My answer is written from the viewpoint of a Westener, who has some background in Western philosophy and knows a bit about Hinduism, mostly from an academic context.
The well-known streams from Indian philosophy – Nyaya, Vaisheshika, Samkhya, Purva Mimamsa, Yoga, Vedanta - have in common the presupposition of the Vedas as authoritative shruti (astika). They are grouped into schools. Each school perpetuates its tradition by commenting the Vedas and often their own school precursors. The most well-known commentators of this kind are Shankara and Ramanuja from the Vedanta school. The schools often reject the Veda interpretation of the other schools.
This grouping into schools resembles the Western medieval organisations of theological schools (scholasticism) with their continued commentaries.

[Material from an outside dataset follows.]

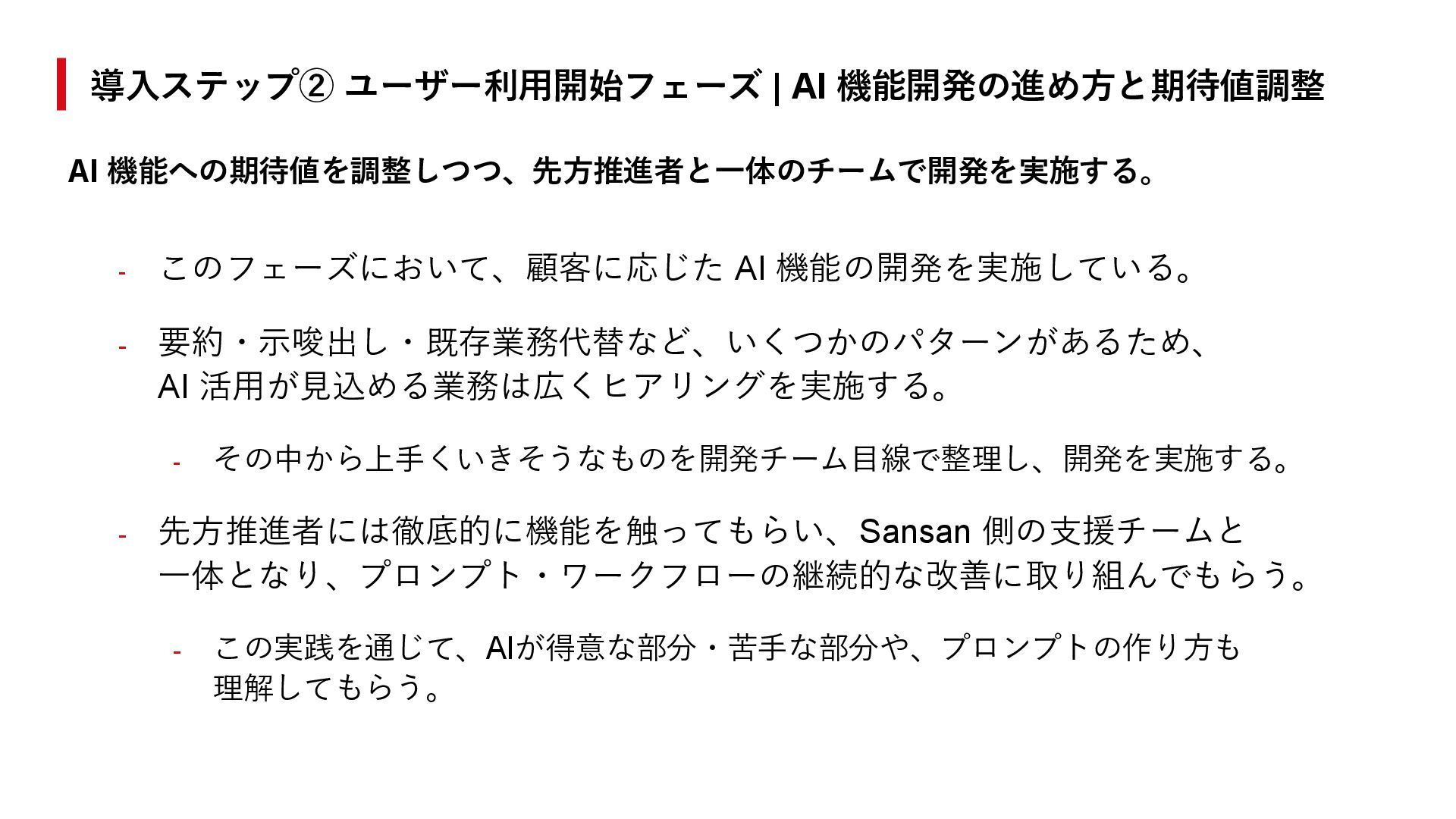 - 先方推進者には徹底的に機能を触ってもらい、Sansan 側の支援チームと 一体となり、プロンプト・ワークフローの継続的な改善に取り組んでもらう。 - この実践を通じて、AIが得意な部分・苦手な部分や、プロンプトの作り方も 理解してもらう。 導入ステップ② ユーザー利用開始フェーズ | AI 機能開発の進め方と期待値調整 AI 機能への期待値を調整しつつ、先方推進者と一体のチームで開発を実施する。

This kind of Indian thinking can be compared to the so called “Christian Philosophy”. Its method is not philosophical in the strict sense of an open-ended thinking. Thinking is not primarily critical but affirmative. The goal is to interpret the given texts of an authoritative source and to defend the tradition of the own school.
After the period of the Upanishads we know from two countermovements against the Brahminical tradition, namely Jainism and Buddhism. Both movements do not presuppose the Vedas (nastika). But also the latter convictions like the six schools above acccept the concepts of Karma and Moksha as a matter of course. They consider release from the cycle of rebirth the highest goal for mankind.
The only school which released itself from all named presuppositions is the Charvaka school. The Charvakas brought fresh thoughts into the discussion like the value of observation or the questioning of theism. Probably one can compare their issues with issues of the Ionian philosophers of nature. And their emphasis on observation reminds one to the empiricism of David Hume.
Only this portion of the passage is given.